[SUPPLIED MATERIAL]
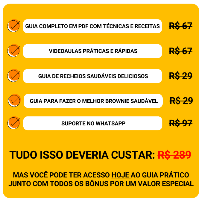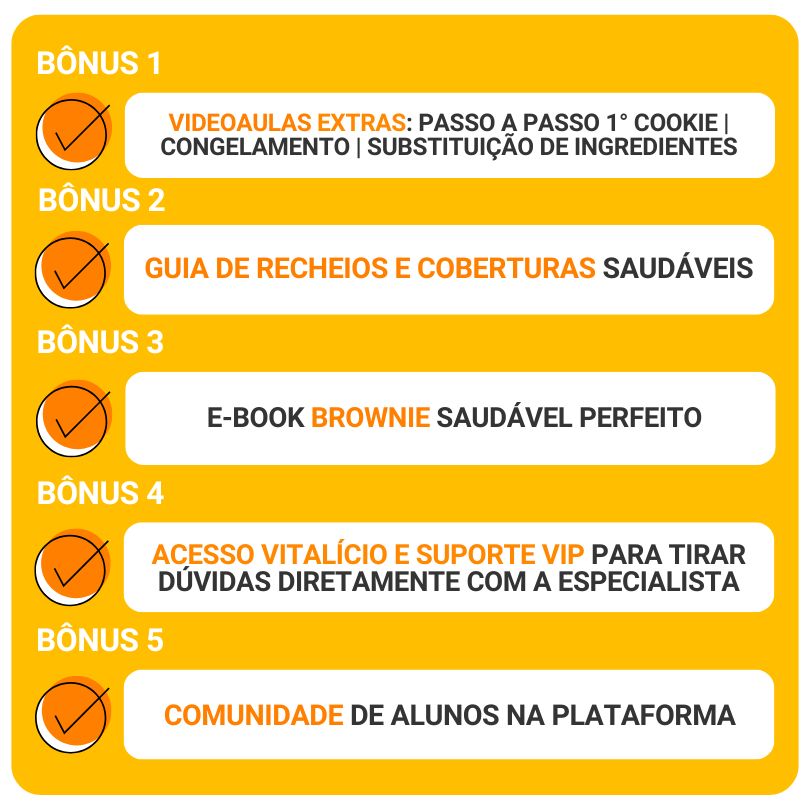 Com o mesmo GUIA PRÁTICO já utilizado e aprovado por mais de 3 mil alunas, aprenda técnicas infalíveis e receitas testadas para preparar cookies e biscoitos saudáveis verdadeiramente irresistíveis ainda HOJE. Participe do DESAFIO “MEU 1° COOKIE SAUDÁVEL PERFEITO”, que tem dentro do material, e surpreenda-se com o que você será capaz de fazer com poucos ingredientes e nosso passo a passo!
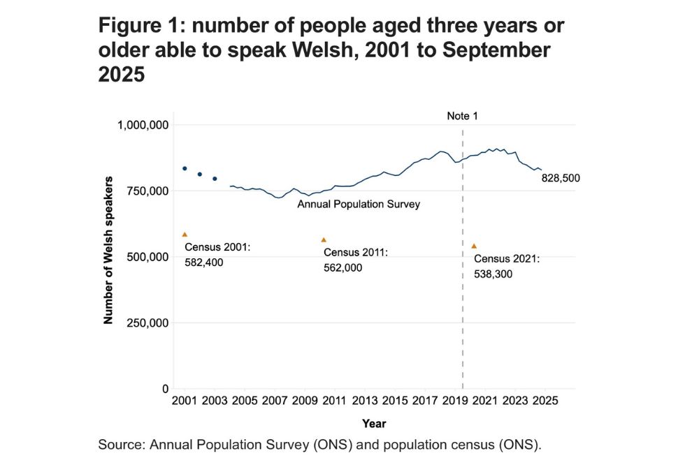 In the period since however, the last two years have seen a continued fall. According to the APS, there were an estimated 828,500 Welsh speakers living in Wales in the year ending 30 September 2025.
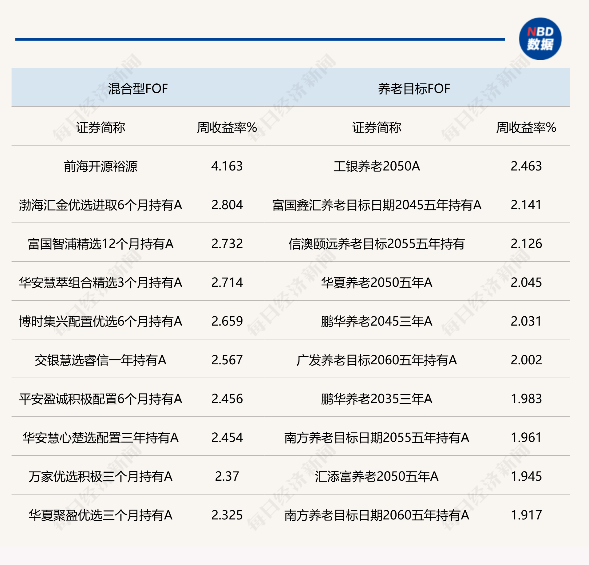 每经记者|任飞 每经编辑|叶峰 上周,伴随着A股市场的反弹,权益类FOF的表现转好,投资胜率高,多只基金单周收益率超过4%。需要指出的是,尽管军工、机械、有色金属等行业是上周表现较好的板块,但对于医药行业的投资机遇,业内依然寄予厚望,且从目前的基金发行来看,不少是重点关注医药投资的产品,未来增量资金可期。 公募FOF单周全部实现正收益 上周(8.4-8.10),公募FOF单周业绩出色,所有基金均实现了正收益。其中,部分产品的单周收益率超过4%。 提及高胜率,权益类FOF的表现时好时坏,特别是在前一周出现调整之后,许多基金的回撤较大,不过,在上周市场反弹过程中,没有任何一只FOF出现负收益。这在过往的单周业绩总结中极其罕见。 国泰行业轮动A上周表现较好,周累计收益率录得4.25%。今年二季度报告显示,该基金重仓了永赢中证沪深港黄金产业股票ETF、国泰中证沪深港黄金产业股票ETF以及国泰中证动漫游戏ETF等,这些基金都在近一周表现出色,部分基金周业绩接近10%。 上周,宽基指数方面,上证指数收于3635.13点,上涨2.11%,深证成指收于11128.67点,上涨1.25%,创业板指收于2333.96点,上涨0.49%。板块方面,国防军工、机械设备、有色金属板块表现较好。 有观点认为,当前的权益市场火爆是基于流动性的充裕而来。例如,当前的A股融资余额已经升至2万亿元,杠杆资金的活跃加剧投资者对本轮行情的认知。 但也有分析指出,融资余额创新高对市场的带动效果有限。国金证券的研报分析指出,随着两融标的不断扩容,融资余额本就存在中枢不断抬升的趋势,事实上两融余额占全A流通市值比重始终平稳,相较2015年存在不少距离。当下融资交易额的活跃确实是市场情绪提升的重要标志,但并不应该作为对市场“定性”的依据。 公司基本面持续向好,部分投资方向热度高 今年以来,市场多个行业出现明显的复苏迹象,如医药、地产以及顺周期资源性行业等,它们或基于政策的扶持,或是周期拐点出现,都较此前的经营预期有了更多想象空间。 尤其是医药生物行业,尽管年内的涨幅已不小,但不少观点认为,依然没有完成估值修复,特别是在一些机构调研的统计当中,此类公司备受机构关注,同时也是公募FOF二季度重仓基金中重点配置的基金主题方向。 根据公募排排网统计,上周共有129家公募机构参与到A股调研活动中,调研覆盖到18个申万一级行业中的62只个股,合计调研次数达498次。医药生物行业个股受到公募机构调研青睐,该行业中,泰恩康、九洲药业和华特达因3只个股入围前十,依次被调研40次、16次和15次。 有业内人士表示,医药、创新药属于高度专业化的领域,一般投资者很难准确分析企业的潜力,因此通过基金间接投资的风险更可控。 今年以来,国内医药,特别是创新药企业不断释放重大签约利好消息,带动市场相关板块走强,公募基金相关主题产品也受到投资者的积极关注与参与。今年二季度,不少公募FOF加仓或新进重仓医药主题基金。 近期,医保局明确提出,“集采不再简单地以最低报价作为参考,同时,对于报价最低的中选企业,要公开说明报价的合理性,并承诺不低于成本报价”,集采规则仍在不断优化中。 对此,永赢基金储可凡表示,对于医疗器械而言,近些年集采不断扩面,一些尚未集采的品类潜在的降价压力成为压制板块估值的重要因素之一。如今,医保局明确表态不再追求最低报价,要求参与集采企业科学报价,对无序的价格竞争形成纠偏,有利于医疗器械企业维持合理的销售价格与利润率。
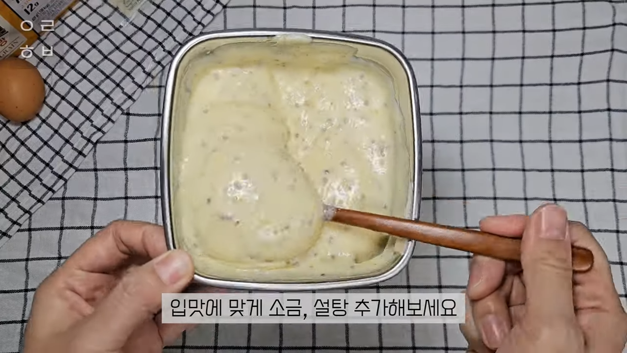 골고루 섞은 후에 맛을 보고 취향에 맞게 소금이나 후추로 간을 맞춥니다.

[EXERCISE REQUIREMENTS]
Where pictures appear, drop them, and reproduce exactly only the lines running from the beginning of the data to the line that contains "In the period", inclusive.

[WRITTEN ANSWER]
 Com o mesmo GUIA PRÁTICO já utilizado e aprovado por mais de 3 mil alunas, aprenda técnicas infalíveis e receitas testadas para preparar cookies e biscoitos saudáveis verdadeiramente irresistíveis ainda HOJE. Participe do DESAFIO “MEU 1° COOKIE SAUDÁVEL PERFEITO”, que tem dentro do material, e surpreenda-se com o que você será capaz de fazer com poucos ingredientes e nosso passo a passo!
 In the period since however, the last two years have seen a continued fall. According to the APS, there were an estimated 828,500 Welsh speakers living in Wales in the year ending 30 September 2025.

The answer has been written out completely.